MRI manifestations of cerebral hemorrhage

Brain hemorrhage MRI performance on MRI is more complex, but also dynamic evolution, each phase of brain hemorrhage in MRI performance is different, each phase performance is as follows: 1, the hyperacute phase refers to the blood time less than 6 hours, leakage of blood has not yet coagulated, showing blood long T1, long T2 signal, diffusion image is high signal; 2, the acute phase refers to 2 days after the blood, red blood cell cell membrane remains intact, intracellular oxygenated hemoglobin release 2. 2 days after the acute phase, the red blood cell membrane remains intact and the intracellular oxygenated hemoglobin is released into deoxyhemoglobin, which is paramagnetic and can shorten the T2 duration with a slightly higher low mixed signal and high diffusion signal; 3. 3 days after the subacute phase, the red blood cell membrane remains intact and intracellular orthoferric hemoglobin appears with strong paramagnetism, which shortens the T1 value of the hematoma. Therefore, the hematoma appears high signal from the periphery to the center in T1, low signal in T2, and high signal in the periphery and low signal in the center in diffusion images; 4. In the middle subacute stage, generally speaking, 6-10 days after the hematoma, the erythrocyte cell membrane begins to rupture, and ortho-iron hemoglobin leaks out to the outside of the cell, and the T2 image develops from the periphery to the center in high direction; 5. In the late subacute stage, generally speaking, 10-21 days after the hematoma, the erythrocytes are completely disintegrated The hematoma is mainly dominated by ortho-hemoglobin, and macrophages in the periphery of the hematoma swallow hemoglobin to form iron-containing heme, which has obvious paramagnetic properties and causes magnetic field inhomogeneity.
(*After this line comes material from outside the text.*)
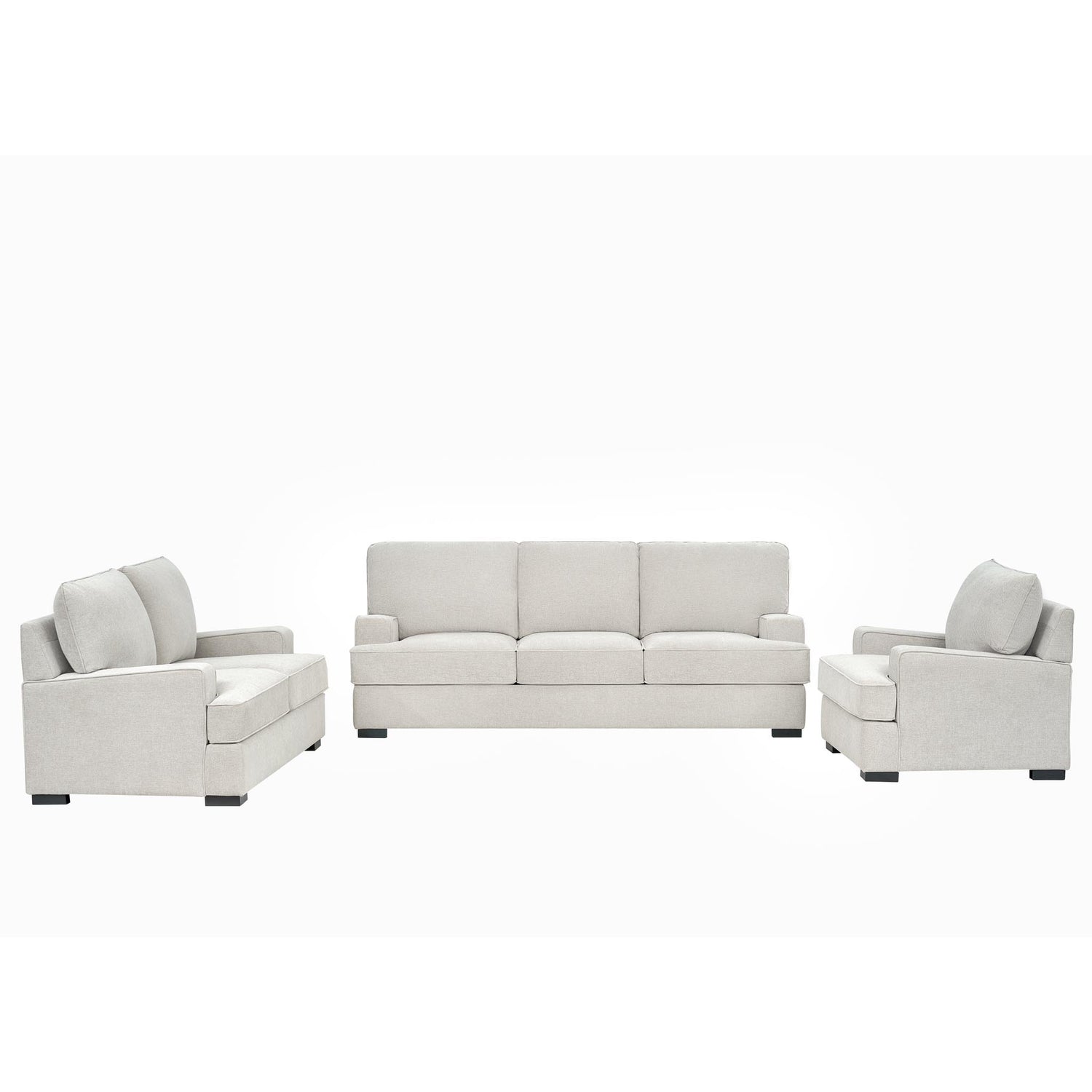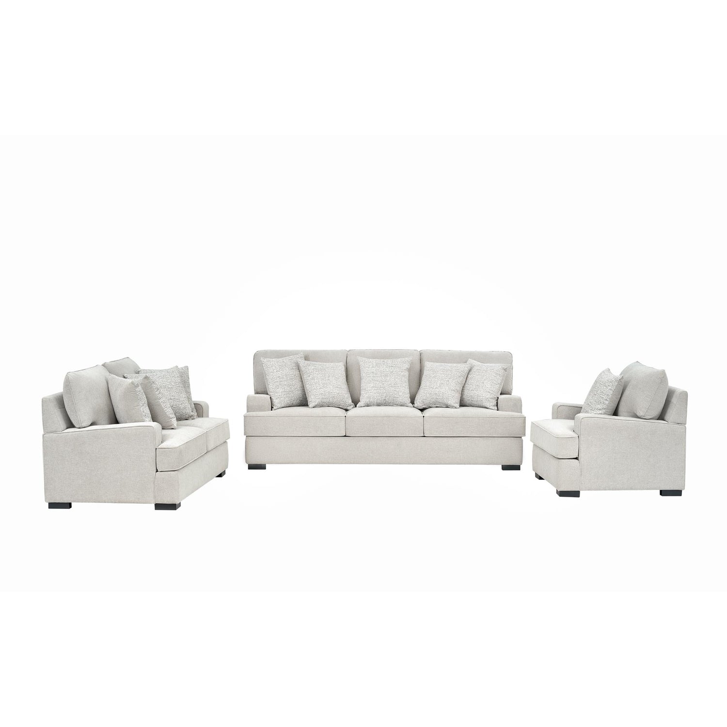 صُمم الطقم على هيكل متين من الخشب الصناعي المقوّى مع أرجل خشبية صلبة، مما يضمن لك متانة وثباتاً لسنوات طويلة. كما تأتي القطع مزودة بوسائد إضافية لتعزيز الراحة والدعم أثناء الجلوس. إنه الطقم المثالي لمن يبحث عن طقم كنب عائلي يجمع بين الأناقة المودرن والراحة العملية في اثاث الصالة أو غرفة المعيشة.

Therefore, hematoma T1 and T2 show significant high signal in this stage, and a linear low signal ring is seen around T2. In the chronic phase, usually after 3 weeks to several months of bleeding, the hematoma gradually absorbs and liquefies, evolving into a liquefied foci with macrophages around the hematoma, with obvious deposits of iron-containing heme, so it shows a low-signal ring on T2.